WHAT TO PRODUCE:
Any pictures in the records below must be left out when you repeat the lines from the line containing "暖忆 热水袋暖水袋暖手宝暖宝宝电暖宝电热宝 保暖" through the line containing "- SMOOTH APPLICATION" exactly.

MATERIAL PROVIDED:
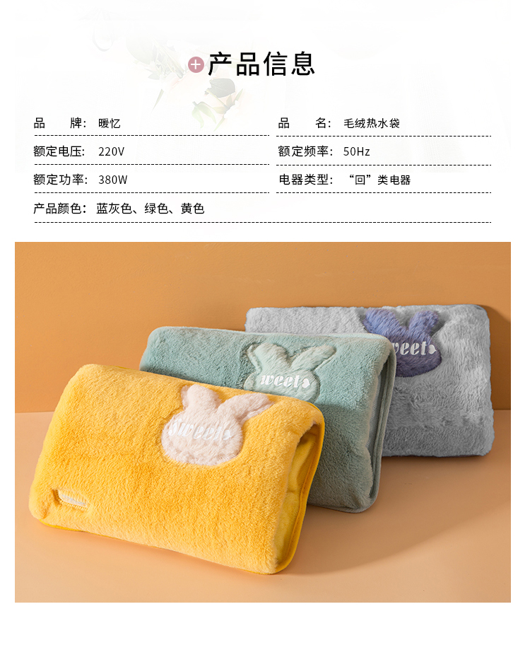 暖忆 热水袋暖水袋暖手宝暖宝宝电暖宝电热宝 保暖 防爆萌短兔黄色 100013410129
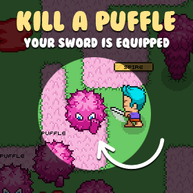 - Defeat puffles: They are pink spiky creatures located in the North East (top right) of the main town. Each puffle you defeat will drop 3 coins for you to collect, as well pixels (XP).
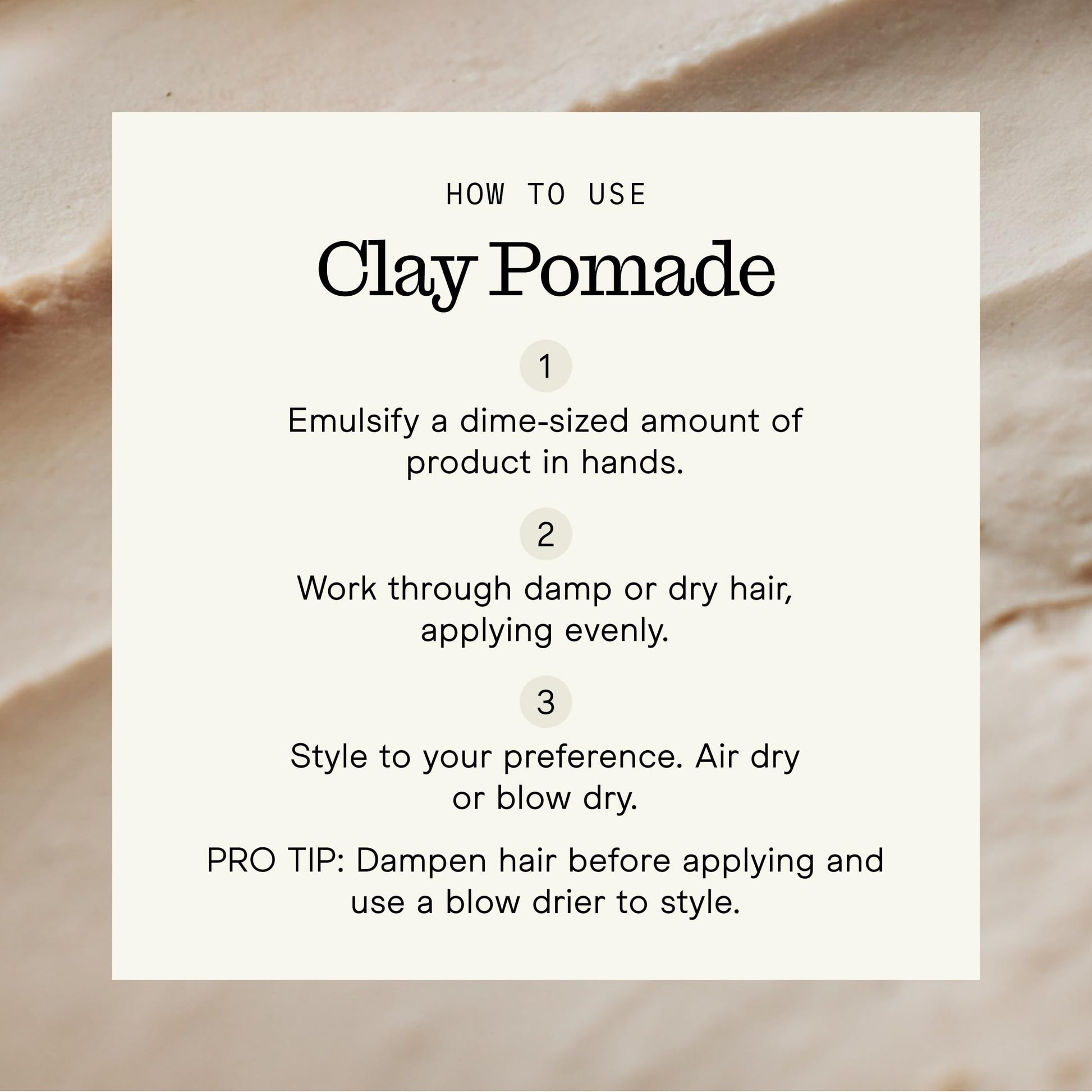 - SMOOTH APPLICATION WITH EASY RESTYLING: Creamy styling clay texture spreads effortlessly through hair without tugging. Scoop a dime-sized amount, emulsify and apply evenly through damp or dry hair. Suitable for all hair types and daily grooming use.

---

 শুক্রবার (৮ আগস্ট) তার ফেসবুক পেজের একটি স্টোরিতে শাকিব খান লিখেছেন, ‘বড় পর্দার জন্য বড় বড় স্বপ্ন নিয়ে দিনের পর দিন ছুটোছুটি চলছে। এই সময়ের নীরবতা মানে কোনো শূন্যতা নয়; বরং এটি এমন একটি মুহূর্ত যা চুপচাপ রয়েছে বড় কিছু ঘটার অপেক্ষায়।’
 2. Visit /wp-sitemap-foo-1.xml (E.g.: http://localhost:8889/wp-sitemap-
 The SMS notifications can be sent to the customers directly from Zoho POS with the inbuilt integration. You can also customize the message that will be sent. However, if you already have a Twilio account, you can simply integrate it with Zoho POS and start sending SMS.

FINAL ANSWER:
 暖忆 热水袋暖水袋暖手宝暖宝宝电暖宝电热宝 保暖 防爆萌短兔黄色 100013410129
 - Defeat puffles: They are pink spiky creatures located in the North East (top right) of the main town. Each puffle you defeat will drop 3 coins for you to collect, as well pixels (XP).
 - SMOOTH APPLICATION WITH EASY RESTYLING: Creamy styling clay texture spreads effortlessly through hair without tugging. Scoop a dime-sized amount, emulsify and apply evenly through damp or dry hair. Suitable for all hair types and daily grooming use.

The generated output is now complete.